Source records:
+ + +

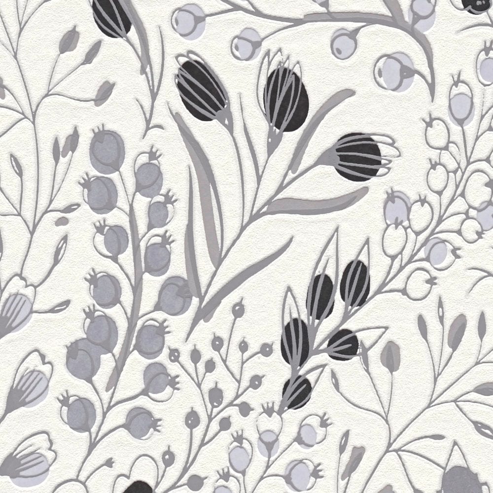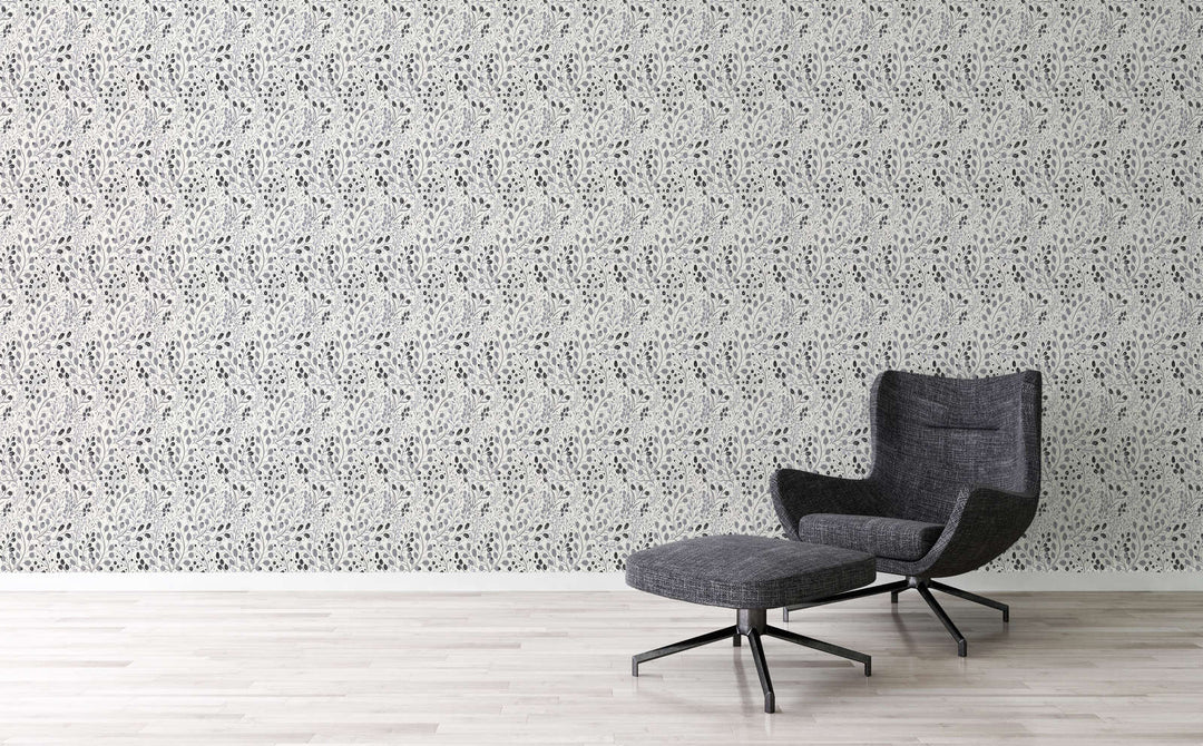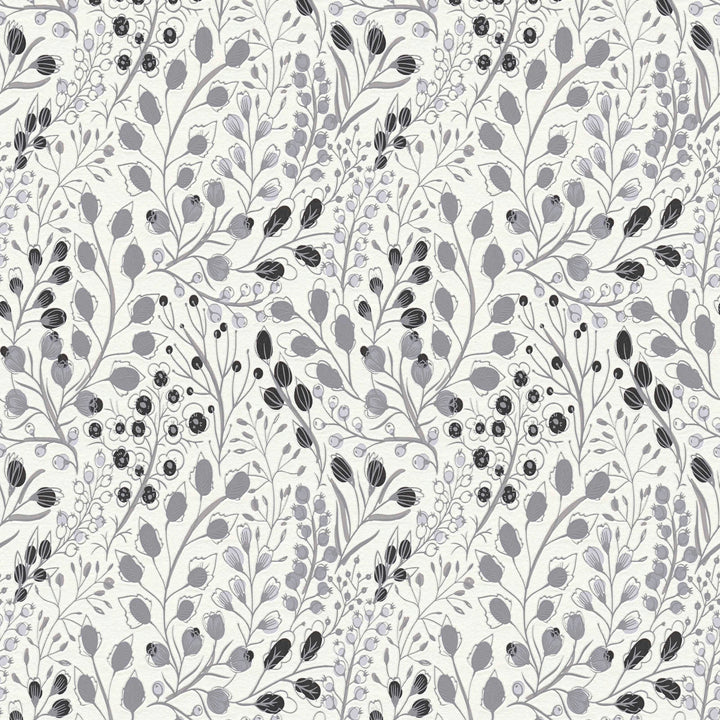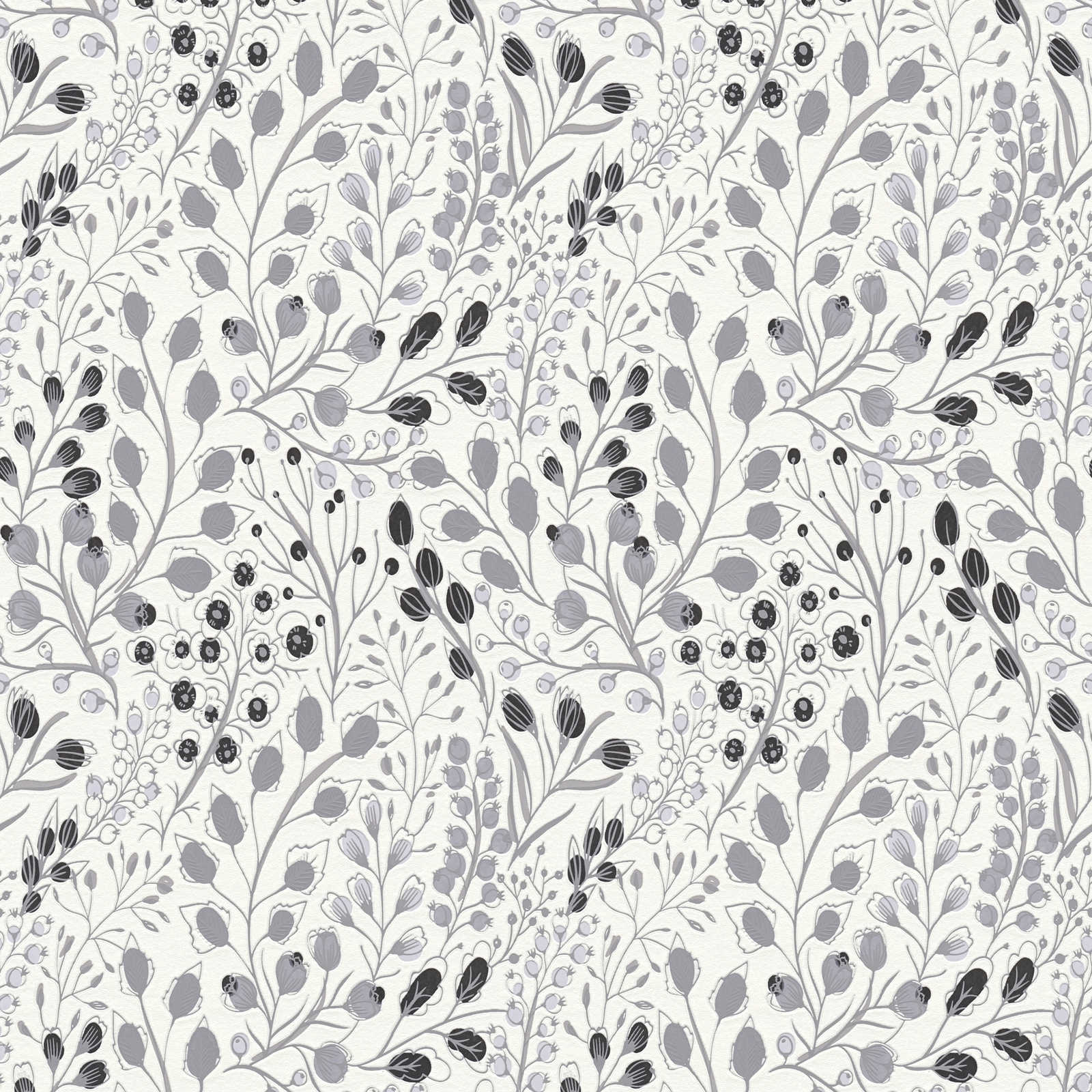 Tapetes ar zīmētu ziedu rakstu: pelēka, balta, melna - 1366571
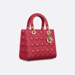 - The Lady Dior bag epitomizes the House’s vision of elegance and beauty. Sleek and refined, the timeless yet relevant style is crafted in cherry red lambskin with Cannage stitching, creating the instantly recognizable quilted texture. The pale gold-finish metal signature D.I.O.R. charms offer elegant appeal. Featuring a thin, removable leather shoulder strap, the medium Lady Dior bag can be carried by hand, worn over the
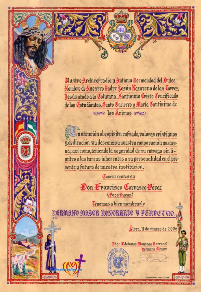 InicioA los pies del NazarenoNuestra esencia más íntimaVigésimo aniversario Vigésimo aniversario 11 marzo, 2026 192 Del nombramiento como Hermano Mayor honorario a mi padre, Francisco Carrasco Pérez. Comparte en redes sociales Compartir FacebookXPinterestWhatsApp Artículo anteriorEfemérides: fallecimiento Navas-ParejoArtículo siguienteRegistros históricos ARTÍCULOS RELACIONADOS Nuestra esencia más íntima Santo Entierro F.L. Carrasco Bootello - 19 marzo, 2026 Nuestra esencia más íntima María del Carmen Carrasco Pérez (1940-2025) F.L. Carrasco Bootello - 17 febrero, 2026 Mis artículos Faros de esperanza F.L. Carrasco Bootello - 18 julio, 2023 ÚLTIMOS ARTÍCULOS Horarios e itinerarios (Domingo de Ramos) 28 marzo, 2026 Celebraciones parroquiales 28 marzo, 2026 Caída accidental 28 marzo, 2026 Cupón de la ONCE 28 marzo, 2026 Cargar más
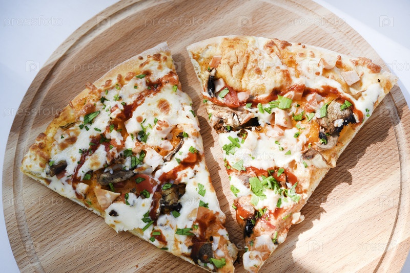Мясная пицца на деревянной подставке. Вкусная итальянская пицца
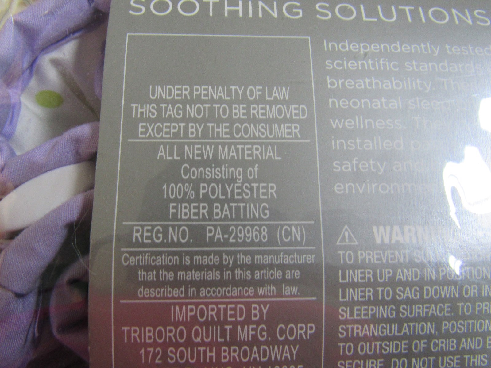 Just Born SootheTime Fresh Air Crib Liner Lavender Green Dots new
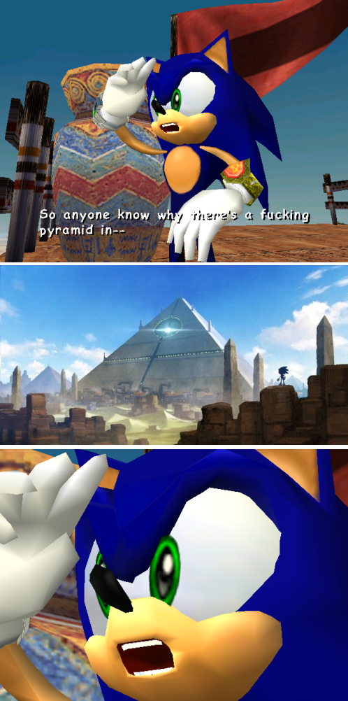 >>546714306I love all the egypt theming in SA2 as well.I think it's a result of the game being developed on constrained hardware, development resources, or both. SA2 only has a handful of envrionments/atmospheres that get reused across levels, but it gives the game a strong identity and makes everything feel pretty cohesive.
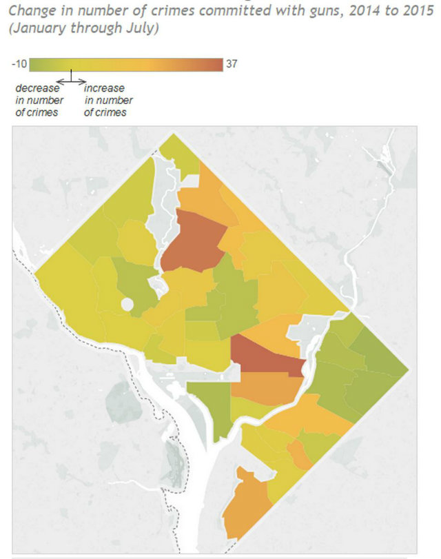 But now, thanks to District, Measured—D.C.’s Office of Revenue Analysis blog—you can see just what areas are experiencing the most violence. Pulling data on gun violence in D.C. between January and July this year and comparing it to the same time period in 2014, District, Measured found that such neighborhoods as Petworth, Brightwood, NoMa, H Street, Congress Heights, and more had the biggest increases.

+ + +

[Your instructions] Return the opening line of the data above and every line after it up to and including the line that holds "- The Lady Dior"; pictures stay out.

[Answer area]
 Tapetes ar zīmētu ziedu rakstu: pelēka, balta, melna - 1366571
 - The Lady Dior bag epitomizes the House’s vision of elegance and beauty. Sleek and refined, the timeless yet relevant style is crafted in cherry red lambskin with Cannage stitching, creating the instantly recognizable quilted texture. The pale gold-finish metal signature D.I.O.R. charms offer elegant appeal. Featuring a thin, removable leather shoulder strap, the medium Lady Dior bag can be carried by hand, worn over the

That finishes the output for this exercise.